This production was to be John Hollingshead's last burlesque at the Gaiety Theatre, and George Edwardes joined as his co-producer. Hollingshead had created a popular following at the Gaiety Theatre for musical burlesque. Other examples include The Bohemian G-yurl and the Unapproachable Pole (1877), Blue Beard (1882), Ariel (1883, by F. C. Burnand), and Galatea, or Pygmalion Reversed (1883). Beginning with Little Jack Sheppard, however, Hollingshead's successor, George Edwardes, expanded the format of the burlesques to full-length pieces with original music by Meyer Lutz, instead of scores compiled from popular tunes. These included Monte Cristo Jr. (1886); Miss Esmeralda (1887), Frankenstein, or The Vampire's Victim (1887), Mazeppa, Faust up to Date (1888), Ruy Blas and the Blasé Roué (1888), Carmen up to Data (1890), Cinder Ellen up too Late (1891), and Don Juan (1892, with lyrics by Adrian Ross).

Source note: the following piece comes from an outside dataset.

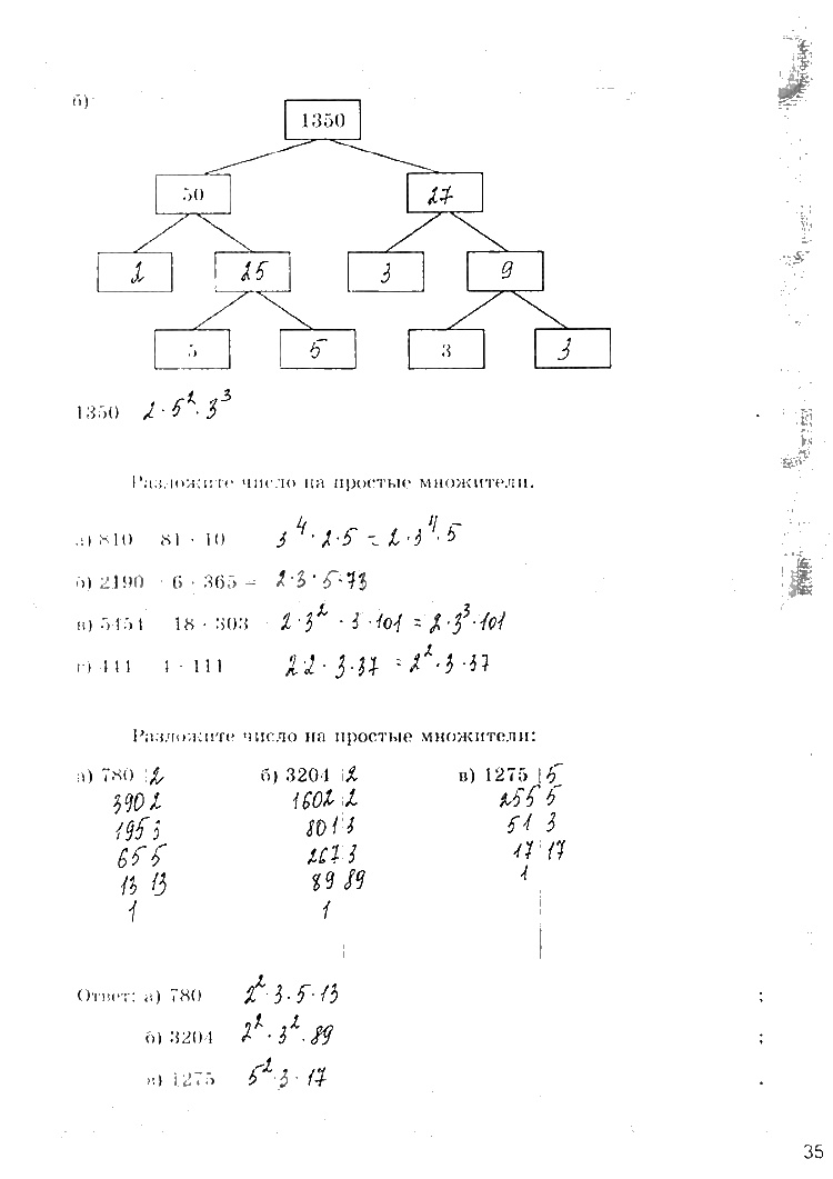 Решения домашних заданий по математике 6 класс Зубарева, Мордкович, Ерина 35 упражнение рабочая тетрадь

John Hollingshead had managed the Gaiety Theatre from 1868 to 1886 as a venue for variety, continental operetta, light comedy, and numerous musical burlesques composed or arranged by the theatre's music director, Wilhelm Meyer Lutz. Hollingshead called himself a "licensed dealer in legs, short skirts, French adaptations, Shakespeare, taste and musical glasses." In 1886, Hollingshead ceded the management of the theatre to Edwardes, whom he had hired in 1885. Nellie Farren, as the theatre's "principal boy", and Fred Leslie starred at the Gaiety for over 20 years. Leslie wrote many of its pieces under his pseudonym, "A. C. Torr". In the early 1890s, as burlesque went out of fashion, Edwardes changed the focus of the theatre from musical burlesque to the new genre of Edwardian musical comedy.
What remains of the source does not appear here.